July 5th, 2014 at 11:18 pm
Frank and I became friends in 1979. We talked about art and illustration (which I have done for a living since 1986) and stereo equipment. He would send me duplicate albums from his collection and one Xmas sent me his Japanese Odeon ‘Abbey Road’ cd which was worth $300. We used to burn up the phone lines. It thrills me to read the stories of him as a pulp collector because it barely came up in our hundreds of conversations. It’s as if he’s still alive and I’m finding out new things about him.

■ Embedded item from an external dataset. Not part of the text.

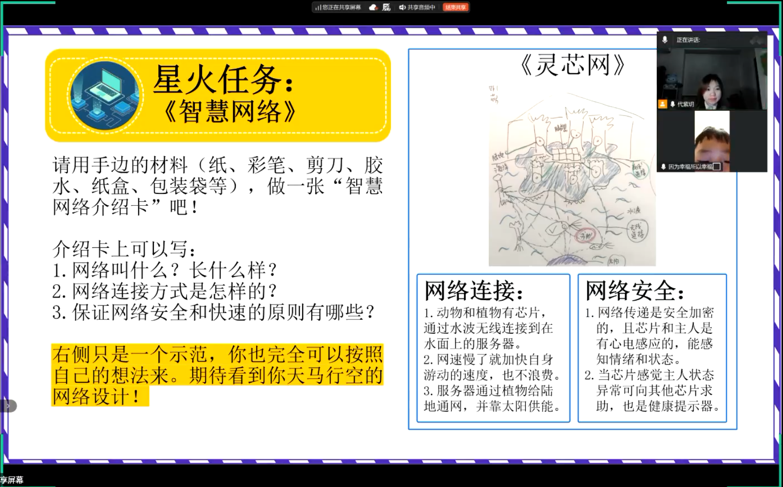 此后的云支教旅程愈发顺畅,在“红领巾爱祖国”的庄重与“星火科学家”的奇趣中,三人一同漫游知识海洋。从星球生态到生命奥秘,从智慧哲思到守护承诺,她们陪肖子恒诵读环保短句,共填“星球介绍卡”,他也牢牢记住了“少浪费,多循环”的环保口诀,珍藏着与星球的“秘密约定”。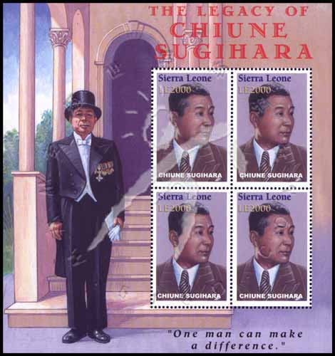 纳粹期间解救很多犹太难民并发放经过日本签证的日本外交官杉原千亩(1900-1986)肖像小全张

Oh, and I’ve seen him asleep wearing that hat. What a great and funny guy he was. Harvey Milk was blessed to have him as a friend and speechwriter!
July 6th, 2014 at 1:14 am
Frank had a great sense of humor and often saw the funny side of things. At the annual Pulpcons he was always very positive and glad to see other collectors. He will be missed.
July 8th, 2014 at 10:11 am
Walker Martin writes a nice tribute about Frank Robinson, a renowned collector of the pulps. We all knew Frank from the Pulp conventions & had fun. Frank was a very talented writer. I enjoyed some of his SF stories that were plays at the conventions.
July 8th, 2014 at 5:31 pm
The NY Times had an obituary for Frank on July 6(Google Frank Robinson–NY Times Obituary) and it covered his work and life. Strangely enough, it did not mention one of the true passions in his life–his desire to collect perfect condition pulps.
I’ve also been told that the Pulpfest convention will be honoring Frank’s life with a discussion titled “Remembering Frank Robinson”. The convention book will also have an article.
July 14th, 2014 at 8:08 am
As an artist portrays a person with his paints, Walker captured in words a key aspect of Frank Robinson: through the decades, Robinson stayed as fresh and crisp as the pages of the magazines that he sought.
July 14th, 2014 at 10:00 am
Daryl has a good point about Frank Robinson. Even in his 80’s Frank maintained a youthful enthusiasm about the pulps even though they were even older than he was. Maybe that’s the secret for living a long life and being young at heart, collect white page pulps!